Records for processing: Begin

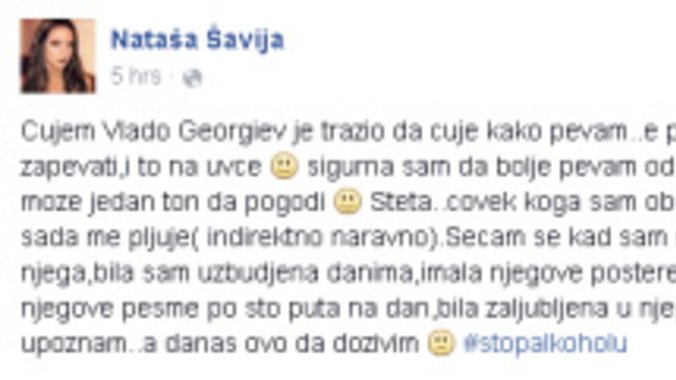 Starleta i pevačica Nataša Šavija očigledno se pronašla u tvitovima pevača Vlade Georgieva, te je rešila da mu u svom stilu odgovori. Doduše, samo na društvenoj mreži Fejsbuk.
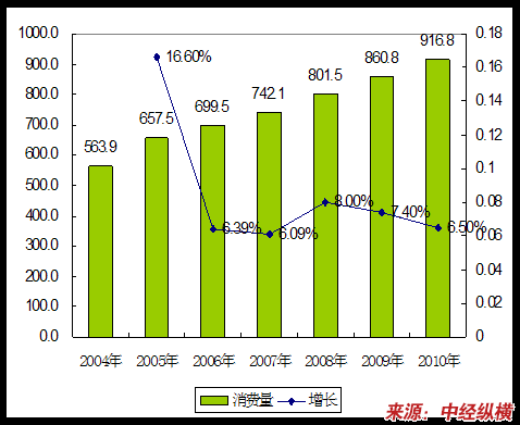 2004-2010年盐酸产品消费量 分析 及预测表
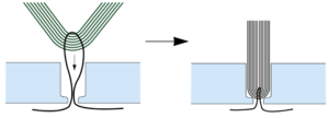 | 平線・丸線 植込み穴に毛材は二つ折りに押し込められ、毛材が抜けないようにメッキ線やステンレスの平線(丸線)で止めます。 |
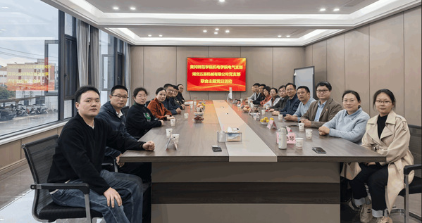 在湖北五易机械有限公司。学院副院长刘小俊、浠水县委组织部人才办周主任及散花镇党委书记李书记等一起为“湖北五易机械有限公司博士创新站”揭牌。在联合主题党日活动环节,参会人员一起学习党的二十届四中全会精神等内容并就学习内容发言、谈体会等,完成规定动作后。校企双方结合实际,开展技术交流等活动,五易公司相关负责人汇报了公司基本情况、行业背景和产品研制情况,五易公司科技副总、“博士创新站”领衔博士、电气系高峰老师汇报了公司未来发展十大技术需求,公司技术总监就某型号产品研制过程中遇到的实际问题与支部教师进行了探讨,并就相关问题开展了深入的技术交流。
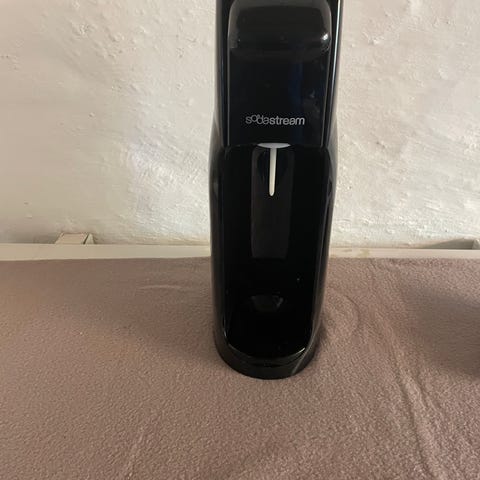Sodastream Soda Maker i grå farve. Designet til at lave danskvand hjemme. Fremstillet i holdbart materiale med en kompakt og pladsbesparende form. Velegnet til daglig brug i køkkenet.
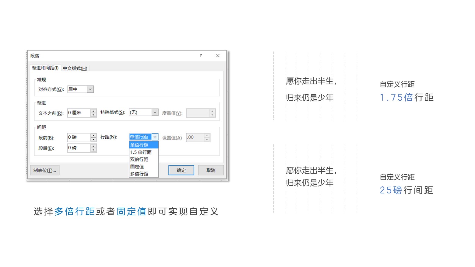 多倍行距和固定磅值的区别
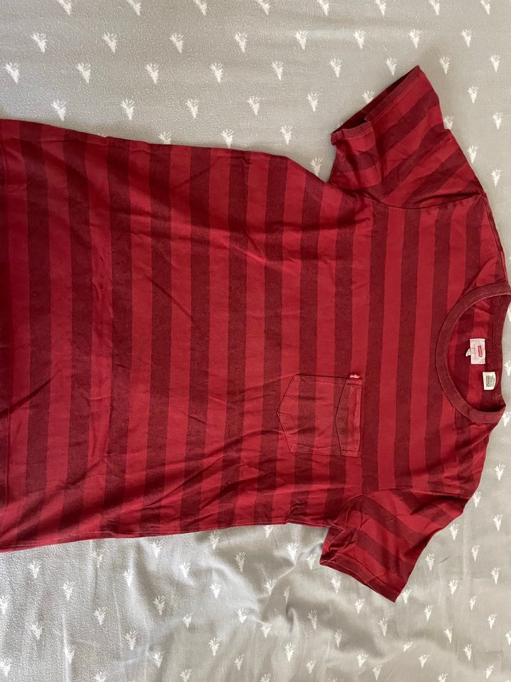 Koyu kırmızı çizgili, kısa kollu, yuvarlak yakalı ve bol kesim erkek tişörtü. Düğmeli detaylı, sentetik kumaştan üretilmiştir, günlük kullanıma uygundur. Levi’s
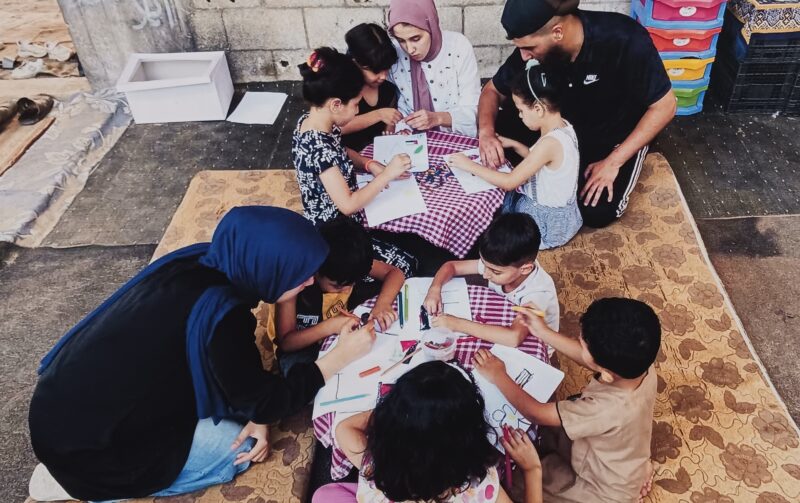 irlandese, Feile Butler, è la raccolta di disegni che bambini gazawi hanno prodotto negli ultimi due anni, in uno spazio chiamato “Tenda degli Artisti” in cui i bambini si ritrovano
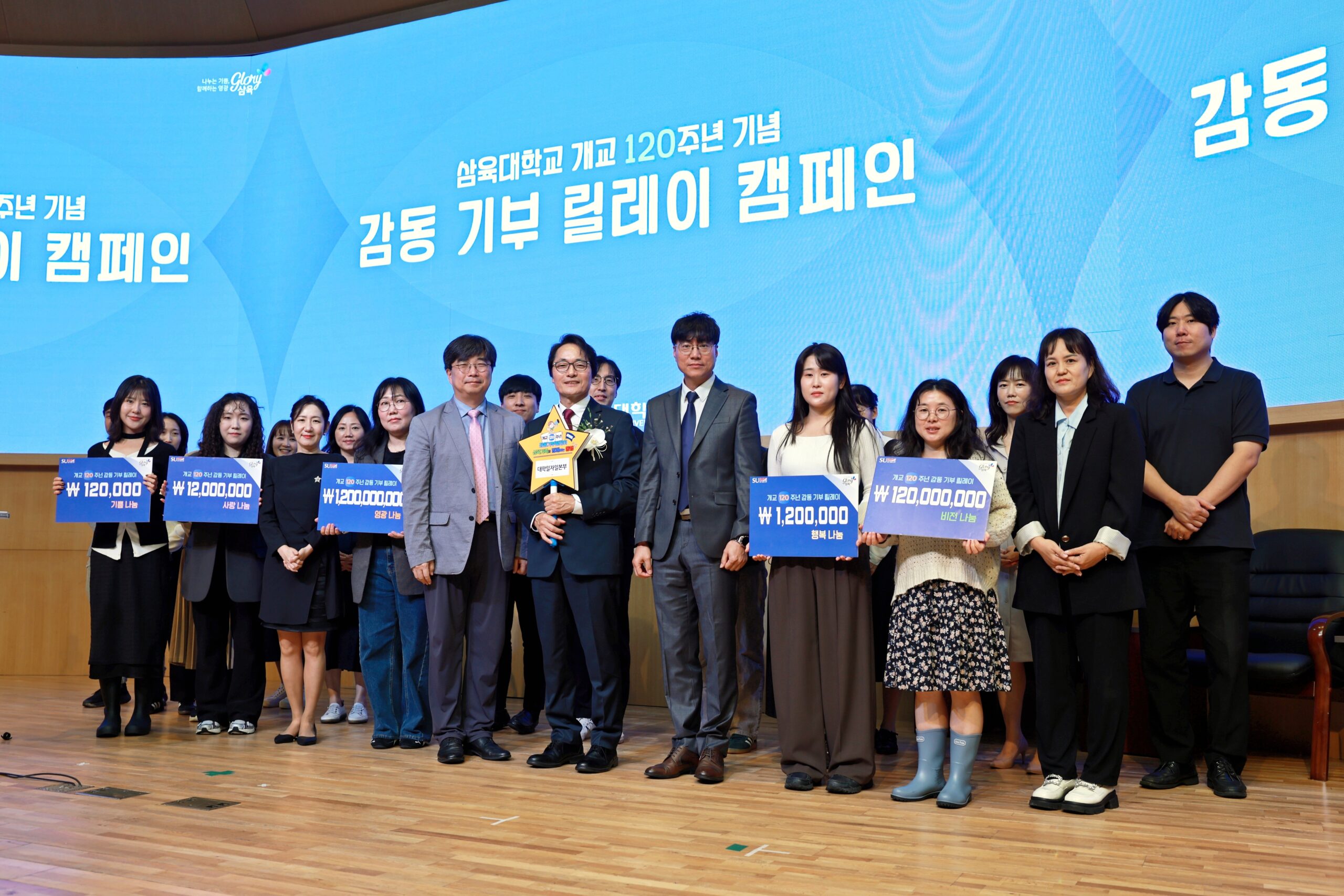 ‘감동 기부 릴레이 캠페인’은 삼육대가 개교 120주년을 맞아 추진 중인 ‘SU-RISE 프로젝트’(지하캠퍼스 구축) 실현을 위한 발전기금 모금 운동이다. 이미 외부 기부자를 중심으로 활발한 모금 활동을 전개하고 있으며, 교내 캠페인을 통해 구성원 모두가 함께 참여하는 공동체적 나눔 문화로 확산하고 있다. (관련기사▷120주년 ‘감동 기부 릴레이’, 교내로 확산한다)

Records for processing: End

Assignment —
Down to the last line, set down the data above exactly, and omit all images.

Response —
 Starleta i pevačica Nataša Šavija očigledno se pronašla u tvitovima pevača Vlade Georgieva, te je rešila da mu u svom stilu odgovori. Doduše, samo na društvenoj mreži Fejsbuk.
 2004-2010年盐酸产品消费量 分析 及预测表
 | 平線・丸線 植込み穴に毛材は二つ折りに押し込められ、毛材が抜けないようにメッキ線やステンレスの平線(丸線)で止めます。 |
 在湖北五易机械有限公司。学院副院长刘小俊、浠水县委组织部人才办周主任及散花镇党委书记李书记等一起为“湖北五易机械有限公司博士创新站”揭牌。在联合主题党日活动环节,参会人员一起学习党的二十届四中全会精神等内容并就学习内容发言、谈体会等,完成规定动作后。校企双方结合实际,开展技术交流等活动,五易公司相关负责人汇报了公司基本情况、行业背景和产品研制情况,五易公司科技副总、“博士创新站”领衔博士、电气系高峰老师汇报了公司未来发展十大技术需求,公司技术总监就某型号产品研制过程中遇到的实际问题与支部教师进行了探讨,并就相关问题开展了深入的技术交流。
Sodastream Soda Maker i grå farve. Designet til at lave danskvand hjemme. Fremstillet i holdbart materiale med en kompakt og pladsbesparende form. Velegnet til daglig brug i køkkenet.
 多倍行距和固定磅值的区别
 Koyu kırmızı çizgili, kısa kollu, yuvarlak yakalı ve bol kesim erkek tişörtü. Düğmeli detaylı, sentetik kumaştan üretilmiştir, günlük kullanıma uygundur. Levi’s
 irlandese, Feile Butler, è la raccolta di disegni che bambini gazawi hanno prodotto negli ultimi due anni, in uno spazio chiamato “Tenda degli Artisti” in cui i bambini si ritrovano
 ‘감동 기부 릴레이 캠페인’은 삼육대가 개교 120주년을 맞아 추진 중인 ‘SU-RISE 프로젝트’(지하캠퍼스 구축) 실현을 위한 발전기금 모금 운동이다. 이미 외부 기부자를 중심으로 활발한 모금 활동을 전개하고 있으며, 교내 캠페인을 통해 구성원 모두가 함께 참여하는 공동체적 나눔 문화로 확산하고 있다. (관련기사▷120주년 ‘감동 기부 릴레이’, 교내로 확산한다)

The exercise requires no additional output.